Checks before and during taxying.
Item. Check.
94 Taxying. As soon as possible test brakes.
Direction indicator for accuracy.
Artificial horizon for accuracy.
Temperatures and pressures.


Checks before take-off.
Item. Check.
95 Trim. Elevator: Slightly nose heavy.
Rudder: Slightly right.
Aileron: Neutral.
97 Rpm controllers. Maximum rpm position.
98 Fuel. Contents. Correct tanks selected.
99 Flaps. Up or 15° down
102 Direction indicator. Synchronised with magnetic compass.


Checks before landing.
Item. Check.
108 Fuel. Fullest tanks selected.
Reduce speed to 155 knots and check:
110 Undercarriage. Down and locked. Green lights on.
111 Rpm control levers. Set to give 2850 rpm.
Reduce speed to 130 knots.
112 Flaps. As required.


Checks after landing.
Item. Check.
113 Flaps. Up. Selector neutral.
115 Rpm control levers. Maximum rpm position.


On reaching dispersal.
Item. Check.
118 Ignition switches. Off.
122 Fuel Cocks. Off.



PART 1 - DESCRIPTIVE.

Introduction.

The Mosquito FB Mark 6 is a fighter-bomber aircraft and is powered by two Merlin 23 or 25 engines, driving three-bladed, Hydromatic propellers. There is provison for the alternative carriage of a long-range tank, a bomb or depth charge, or for the simultaneous carriage of R.P. and a 100-gallon drop tank under each wing. An internal bomb load can also be carried.

Fuel and oil systems.

1. Fuel Tanks.
Fuel is carried in four outer tanks, four inner wing tanks, and two centre tanks.

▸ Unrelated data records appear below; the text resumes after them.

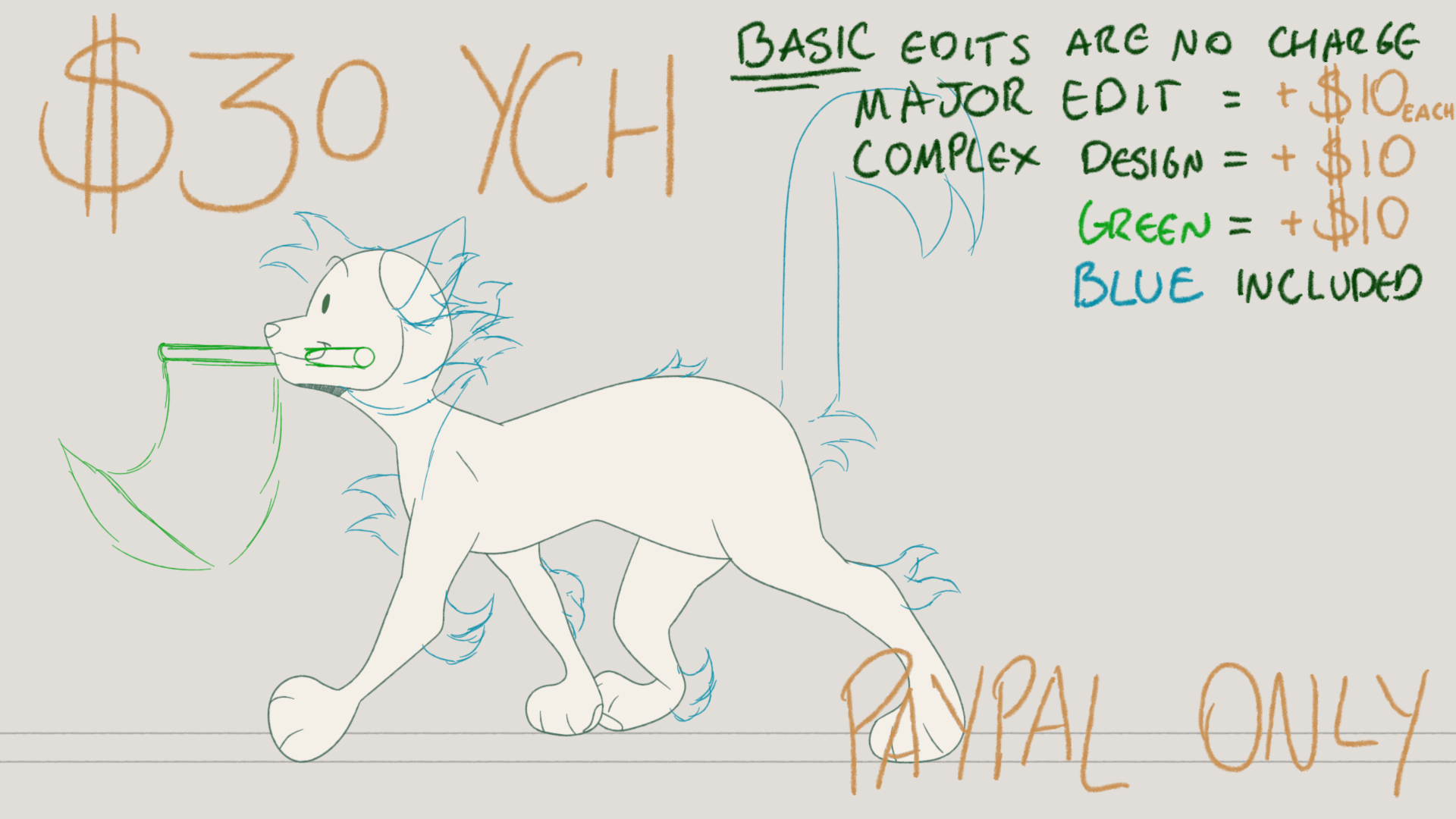 I take commissions through PayPal only currently with two main options! The options are as follows: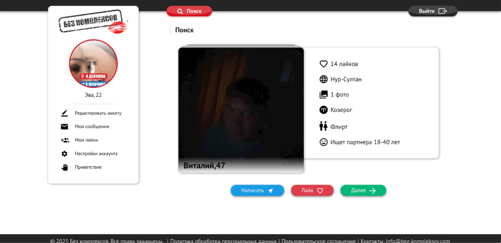 БезКомплексов создает ощущение дружеской беседы на кухне в три часа ночи, где можно обсудить практически любые темы, не боясь осуждения. Однако сервис страдает от катастрофического перекоса в гендерном составе — мужчин значительно больше, чем женщин, прямо как на факультете физики или в очереди в туалет на рок-концерте. К тому же, проблема фальшивых аккаунтов здесь стоит особенно остро — некоторые профили выглядят менее реалистично, чем инопланетяне в фильмах категории Б.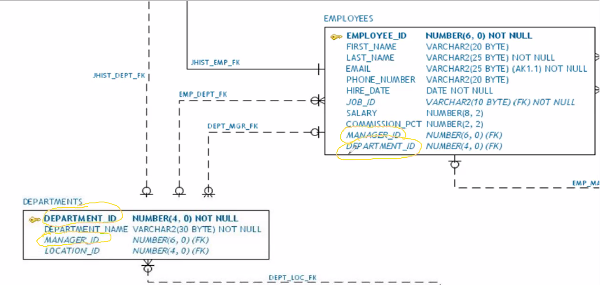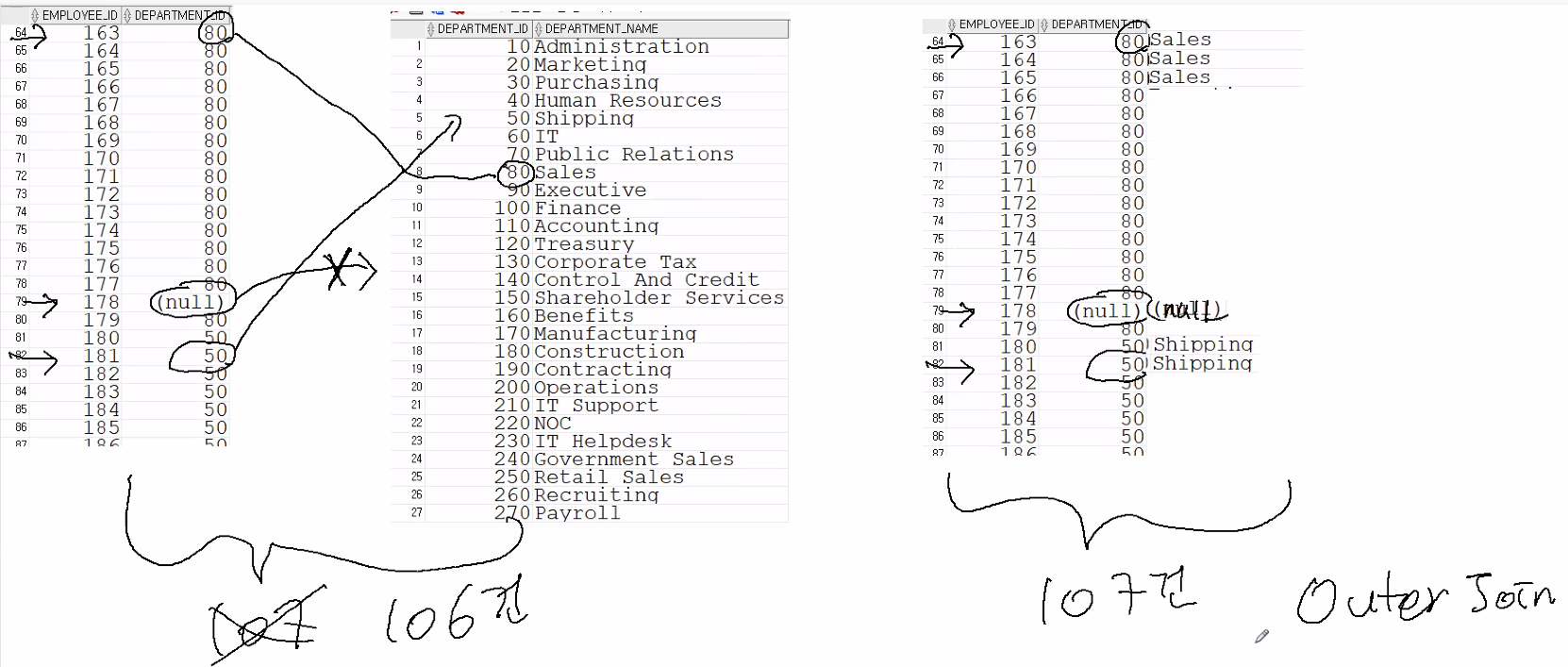 FROM employees LEFT OUTER JOIN departments --LEFT, RIGTH있는 경우 OUTER생략가능

Fuel capacities are as follows:
Main supply. Centre tanks. 50 gallons.
Inner wing tanks. 286 gallons.
Outer tanks. 116 gallons.
Total. 452 gallons.


The fuel capacities are given in Imperial gallons. FS5 measures in US gallons so you will see larger numbers in the Engine and Fuel dialogs.
The auxilliary tanks in FS5 represent the Outer tanks (140 US gal) and the Main tanks represent the Mosquito's Main supply (406 US gal) for a total fuel capacity of 546 US gal.
In the real Mosquito you can switch between Main supply and Outer tanks but you cannot use both at the same time. While the Main supply can feed both engines the starboard outer tanks will only feed the starboard engine and the port tank the port engine.
If one engine fails fuel left in the corresponding outer tank cannot be used so the outer tanks should be emptied first.

Aircraft controls.

11. Flying controls.
The flying controls are conventional and the rudder pedals are adjustable for reach.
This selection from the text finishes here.